Me faufilant parmi la marée de voyageurs, je joue de ma petite taille pour atteindre les quais. Ma valise se coince malgré tout à plusieurs reprises et écrase quelques pieds, pattes. Au passage, je capte quelques brides d’une rumeur qui enfle concernant le fichu problème technique ; où il est question d’un local trop petit, d’un fondement trop gros, de beurre et d’une tête plate. Je ne cherche pas à comprendre et poursuis ma course. A l’instant où je déboule sur les quais, je me cogne de plein fouet dans une militante qui distribue des flyers. Les feuillets s’éparpillent, taches colorées contrastant avec le bitume si froid. Bienveillance, femmes, écologie, possibles. Les mots m’apparaissent au fur et à mesure que j’aide à ramasser les papiers. Je me confonds en excuses et fourre la liasse dans les mains de cette femme engagée et engageante.

« Gardez-en quelques-uns », m’encourage-t-elle.
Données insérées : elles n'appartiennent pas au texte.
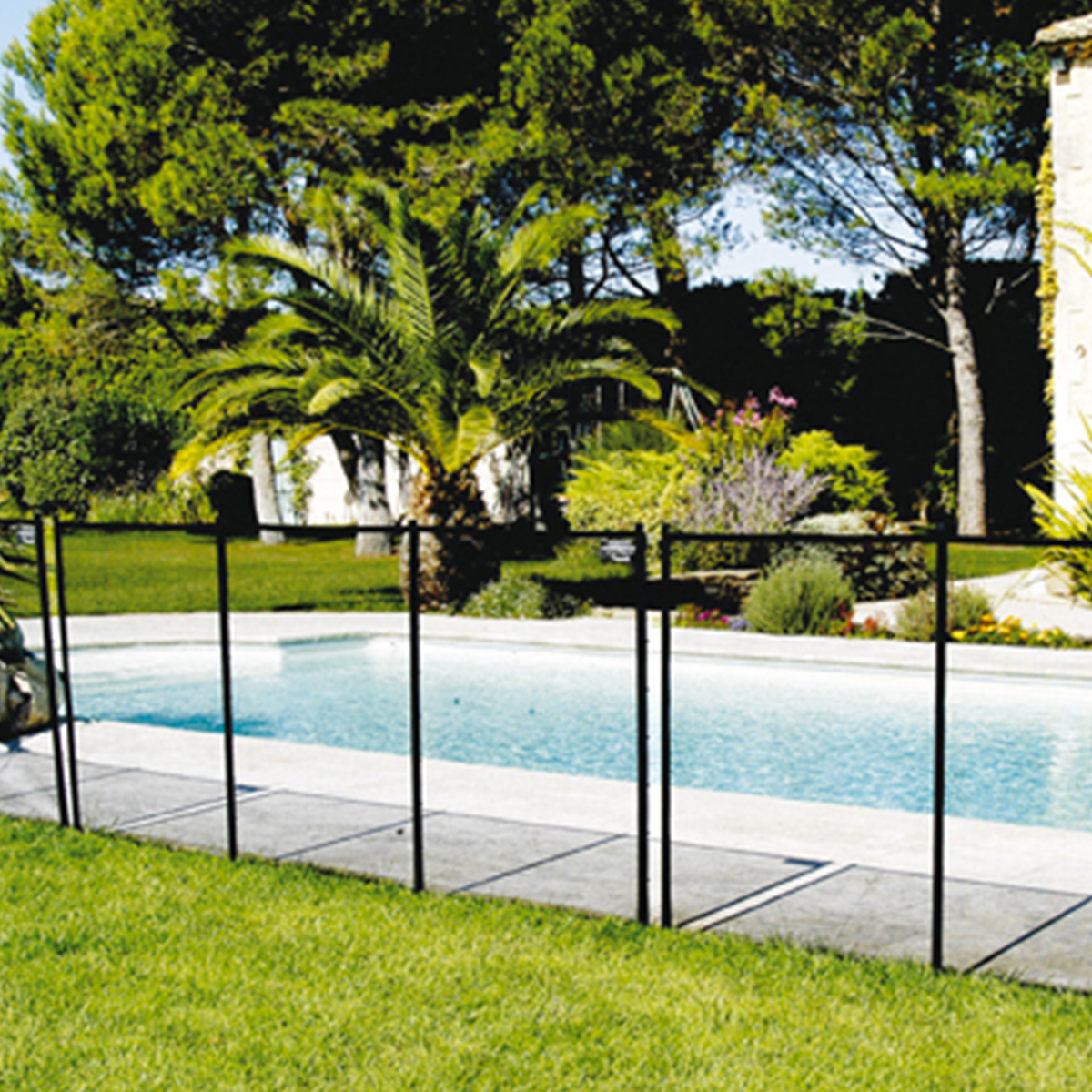 Ancrée dans le sol, la barrière ne s’ouvre que d’en haut, et rend donc votre piscine inaccessible pour les petits enfants.

Je conserve les dernières feuilles, prête à repartir. Mais j’en profite :

« Dites, le train qui va à Alesta, c’est quel quai ?

— Désolée, je ne sais pas. Mais souvent les destinations moins connues partent du quai I. »

Confiante, je repars d’un bon pas. Je vais y arriver, je vais y arriver !

Plus je m’éloigne du quai principal, moins les voyageurs sont nombreux. A tel point, que le quai I est complètement désert. La comparaison est saisissante. A presque une minute du départ, le train est déjà stationné, enfilade de wagons se prolongeant à l’infini. Je consulte mon billet : wagon 1, placement libre. Je gravis les trois marches, trimballant toujours ma brave valise, et m’avachis sur le premier siège venu. Ouf ! Je vais enfin pouvoir me poser, tranquille. Un coup d’œil circulaire m’informe que je suis la seule passagère. Tant pis, je pourrais peut-être trouver un autre voyageur plus tard, voire le conducteur, qui sait.

Les premières secousses du départ se font ressentir. La gare s’estompe et laisse place à un nouveau paysage qui m’accapare un peu plus. Je prends soudain conscience des papiers ramassés auparavant, toujours serrés dans ma main. Je les défroisse et me mets à lire en diagonale :

Nécrologie : Disparition de Brume, alias Arné, alias Anaïs, alias Sïana. Est-elle partie chez les Anges ou les Démons ?

Meurtres de couples homosexuels, affaire non résolue. Les enquêteurs Néraudeau et Malandre...

Rien à voir avec les flyers attendus, dans ma précipitation, j’ai récupéré quelques pages d’un journal. Un encart attire mon attention : une Expos-ition rend hommage à quelques disparus de la communauté. Je relis avec émotion les noms de ceux qui m’ont accueillie, aidée et inspirée en d’autres lieux, d’autres temps. Mes pensées s’enchaînent et font revivre ses petites graines semées au fur et à mesure de mes lectures, chacune m’apportant quelque chose d’unique et différent.

« Hé hé ! »

Un rire, est-ce un rire ?, me fait sursauter.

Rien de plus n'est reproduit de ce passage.